- Richard Nixon was sworn in as president on January 20, 1969.
- His election came at time of great social and political upheaval in the US, which was mired in the Vietnam War.
- Nixon later became the first - and so far the only - president to resign from office.
Richard M. Nixon was sworn in as the 37th president on January 20, 1969, after a watershed election that marked a realignment in US politics.
Nixon defeated Democratic nominee and incumbent Vice President Hubert Humphrey on November 5, 1968, garnering 43.4% of the vote and 301 electoral votes to Humphrey's 42.7% and 191 electoral votes.
Alabama Gov. George Wallace, a proponent of segregation, got 13.5% of the vote and 46 electoral votes.

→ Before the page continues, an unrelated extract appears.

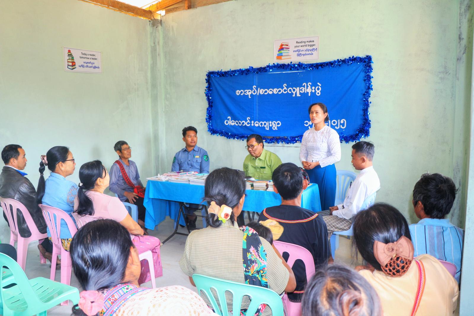 ရှေးဦးစွာ မြို့နယ်စီမံအုပ်ချုပ်ရေးအဖွဲ့ဥက္ကဋ္ဌ ဦးလှမျိုးက ကျေးရွာစာကြည့်တိုက်များ ရှင်သန်ခိုင်မာရေးအတွက် ကျေးရွာနေပြည်သူများ ပူးပေါင်းဆောင်ရွက်ရေး၊ စာဖတ်ခြင်း၏ အကျိုးကျေးဇူးများနှင့်စပ်လျဉ်း၍ အမှာစကားပြောကြားခဲ့သည်။ ထို့နောက် မြို့နယ်ပြန်ကြားရေးနှင့်ပြည်သူ့ဆက်ဆံရေးဦးစီးဌာနမှ ဦးစီးအရာရှိ ဒေါ်အေးဝင်းခိုင်က စာအုပ်စာစောင် လှူဒါန်းပွဲကျင်းပရခြင်း၏ ရည်ရွယ်ချက်များကိုလည်းကောင်း၊ နယ်စပ်ဒေသနှင့် တိုင်းရင်းသားလူမျိုးများ ဖွံ့ဖြိုးတိုးတက်ရေးဦးစီးဌာန၊ မြို့နယ်ဖွံ့ဖြိုးမှုကြီးကြပ်ရေးရုံးမှ လက်ထောက်ညွှန်ကြားရေးမှူး ဦးအောင်ကျော်ခိုင်က အမှာစကားကိုလည်းကောင်း အသီးသီးပြောကြားခဲ့ကြသည်။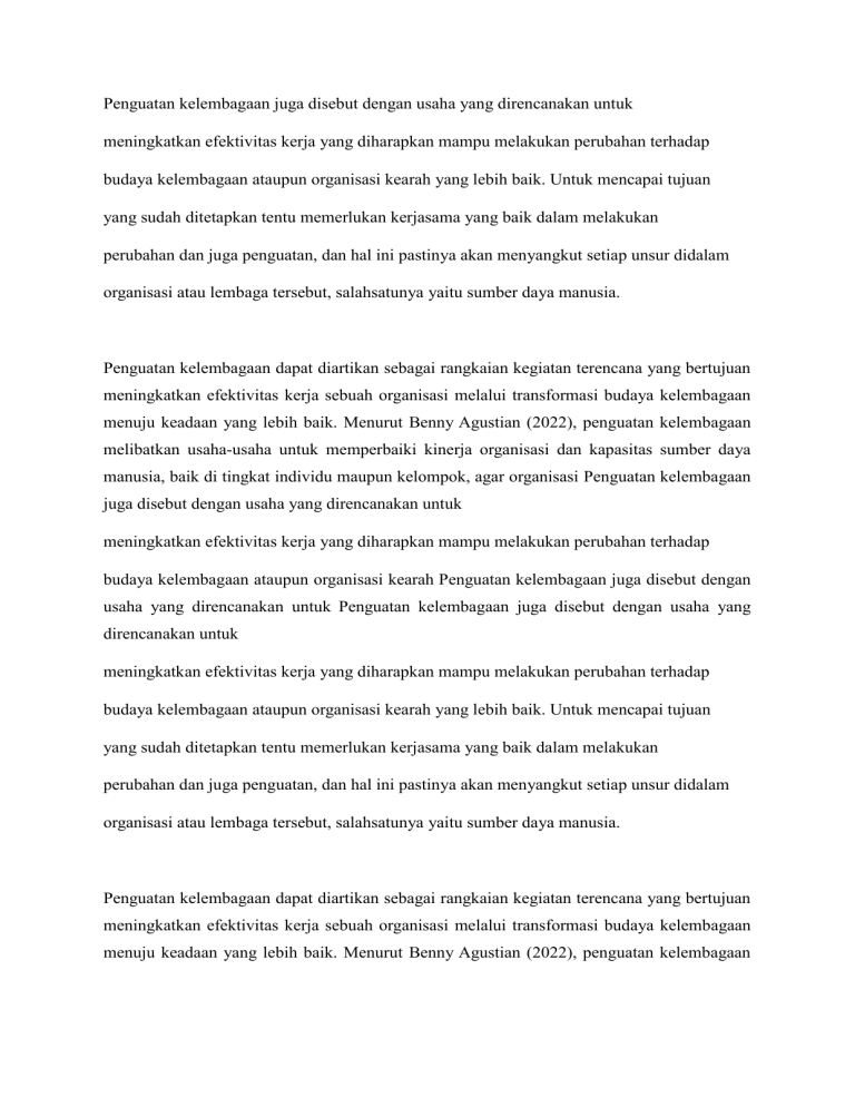 Penguatan kelembagaan juga disebut dengan usaha yang direncanakan untuk meningkatkan efektivitas kerja yang diharapkan mampu melakukan perubahan terhadap budaya kelembagaan ataupun organisasi kearah yang lebih baik. Untuk mencapai tujuan yang sudah ditetapkan tentu memerlukan kerjasama yang baik dalam melakukan perubahan dan juga penguatan, dan hal ini pastinya akan menyangkut setiap unsur didalam organisasi atau lembaga tersebut, salahsatunya yaitu sumber daya manusia. Penguatan kelembagaan dapat diartikan sebagai rangkaian kegiatan terencana yang bertujuan meningkatkan efektivitas kerja sebuah organisasi melalui transformasi budaya kelembagaan menuju keadaan yang lebih baik. Menurut Benny Agustian (2022), penguatan kelembagaan melibatkan usaha-usaha untuk memperbaiki kinerja organisasi dan kapasitas sumber daya manusia, baik di tingkat individu maupun kelompok, agar organisasi Penguatan kelembagaan juga disebut dengan usaha yang direncanakan untuk meningkatkan efektivitas kerja yang diharapkan mampu melakukan perubahan terhadap budaya kelembagaan ataupun organisasi kearah Penguatan kelembagaan juga disebut dengan usaha yang direncanakan untuk Penguatan kelembagaan juga disebut dengan usaha yang direncanakan untuk meningkatkan efektivitas kerja yang diharapkan mampu melakukan perubahan terhadap budaya kelembagaan ataupun organisasi kearah yang lebih baik. Untuk mencapai tujuan yang sudah ditetapkan tentu memerlukan kerjasama yang baik dalam melakukan perubahan dan juga penguatan, dan hal ini pastinya akan menyangkut setiap unsur didalam organisasi atau lembaga tersebut, salahsatunya yaitu sumber daya manusia. Penguatan kelembagaan dapat diartikan sebagai rangkaian kegiatan terencana yang bertujuan meningkatkan efektivitas kerja sebuah organisasi melalui transformasi budaya kelembagaan menuju keadaan yang lebih baik. Menurut Benny Agustian (2022), penguatan kelembagaan melibatkan usaha-usaha untuk memperbaiki kinerja organisasi dan kapasitas sumber daya manusia, baik di tingkat individu maupun kelompok, agar organisasi meningkatkan efektivitas kerja yang diharapkan mampu melakukan perubahan terhadap budaya kelembagaan ataupun organisasi kearah yang lebih baik. Untuk mencapai tujuan yang sudah ditetapkan tentu memerlukan kerjasama yang baik dalam melakukan perubahan dan juga penguatan, dan hal ini pastinya akan menyangkut setiap unsur didalam organisasi atau lembaga tersebut, salahsatunya yaitu sumber daya manusia. Penguatan kelembagaan dapat diartikan sebagai rangkaian kegiatan terencana yang bertujuan meningkatkan efektivitas kerja sebuah organisasi melalui transformasi budaya kelembagaan menuju keadaan yang lebih baik. Menurut Benny Agustian (2022), penguatan kelembagaan melibatkan usaha-usaha untuk memperbaiki kinerja organisasi dan kapasitas sumber daya manusia, baik di tingkat individu maupun kelompok, agar organisasi yang lebih baik. Untuk mencapai tujuan yang sudah ditetapkan tentu memerlukan kerjasama yang baik dalam melakukan perubahan dan juga penguatan, dan hal ini pastinya akan menyangkut setiap unsur didalam organisasi atau lembaga tersebut, salahsatunya yaitu sumber daya manusia. Penguatan kelembagaan dapat diartikan sebagai rangkaian kegiatan terencana yang bertujuan meningkatkan efektivitas kerja sebuah organisasi melalui transformasi budaya kelembagaan menuju keadaan yang lebih baik. Menurut Benny Agustian (2022), penguatan kelembagaan melibatkan usaha-usaha untuk memperbaiki kinerja organisasi dan kapasitas sumber daya manusia, baik di tingkat individu maupun kelompok, agar organisasi dapat bekerja lebih produktif, efisien, dan adaptif. Agustian juga menekankan bahwa proses ini mencakup seluruh komponen organisasi — mulai dari pimpinan, pengurus, hingga anggota — karena perubahan kelembagaan tidak mungkin berhasil tanpa keterlibatan aktif semua unsur tersebut. Salah satu elemen paling krusial dalam upaya ini adalah sumber daya manusia, karena kualitas, komitmen, dan kemampuan SDM yang terlibat akan sangat menentukan apakah lembaga tersebut mampu berkembang secara mandiri dan berkelanjutan.

The campaign, which took place at the height of the Vietnam War, was marked by turmoil. President Lyndon Johnson announced in spring 1968 that he would not seek the nomination for the presidency that year - a decision prompted by growing backlash to the war.
In June that year, Robert F. Kennedy, a frontrunner for the nomination, was assassinated in Los Angeles.
Nixon, running on a law-and-order platform, defeated several other candidates, including then-California Gov. Ronald Reagan, to secure the Republican nomination. He won reelection in 1972, handily defeating Democratic nominee and South Dakota Sen. George McGovern, who won just one state and the District of Columbia.
But Nixon's second term was cut short by his involvement in the Watergate scandal, which prompted lawmakers to begin impeachment proceedings against him and led to his resignation on August 9, 1974. He was the first, and thus far only, president to resign from office.